Recorded data:
· · ·

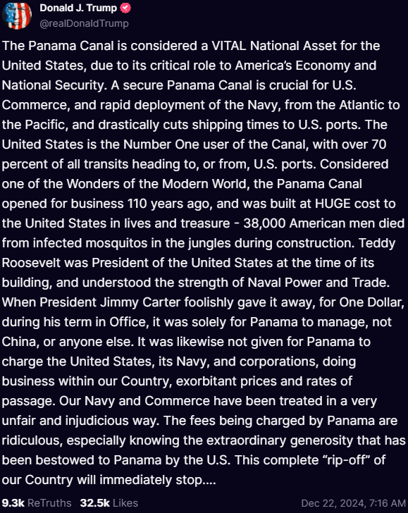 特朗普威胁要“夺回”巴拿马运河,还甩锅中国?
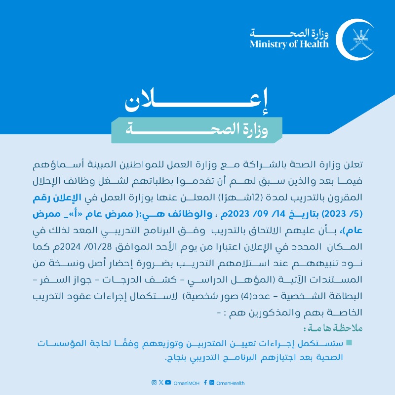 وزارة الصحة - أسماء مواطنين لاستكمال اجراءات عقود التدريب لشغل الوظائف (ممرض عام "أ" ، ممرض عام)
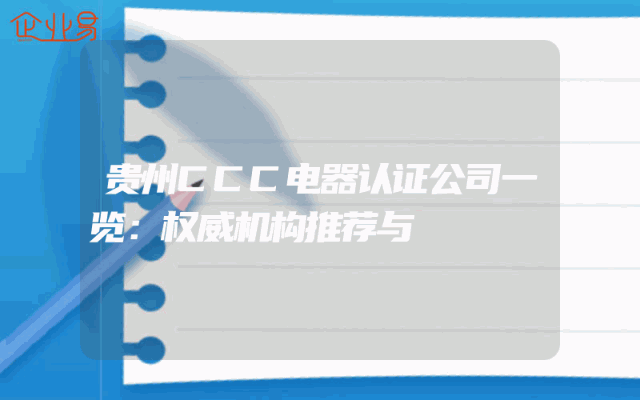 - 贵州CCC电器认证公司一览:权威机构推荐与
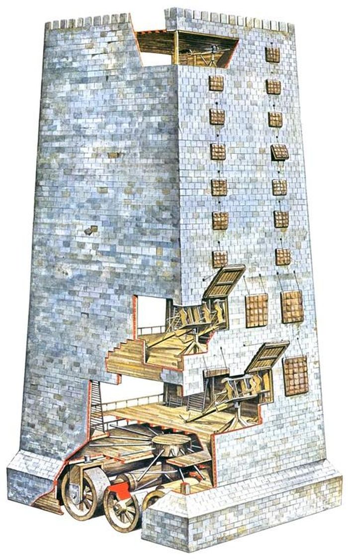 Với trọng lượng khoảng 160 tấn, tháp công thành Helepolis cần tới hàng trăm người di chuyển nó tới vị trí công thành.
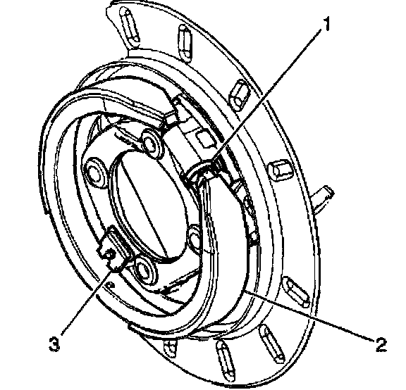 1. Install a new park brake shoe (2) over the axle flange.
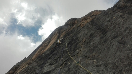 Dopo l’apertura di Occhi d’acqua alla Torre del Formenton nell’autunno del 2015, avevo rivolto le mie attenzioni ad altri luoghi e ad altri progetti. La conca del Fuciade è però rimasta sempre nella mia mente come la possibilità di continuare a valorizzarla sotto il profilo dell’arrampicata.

· · ·

The required output is the exact lines from the opening line of the entries through the line with "1. Install a", inclusive, without pictures.

 特朗普威胁要“夺回”巴拿马运河,还甩锅中国?
 وزارة الصحة - أسماء مواطنين لاستكمال اجراءات عقود التدريب لشغل الوظائف (ممرض عام "أ" ، ممرض عام)
 - 贵州CCC电器认证公司一览:权威机构推荐与
 Với trọng lượng khoảng 160 tấn, tháp công thành Helepolis cần tới hàng trăm người di chuyển nó tới vị trí công thành.
 1. Install a new park brake shoe (2) over the axle flange.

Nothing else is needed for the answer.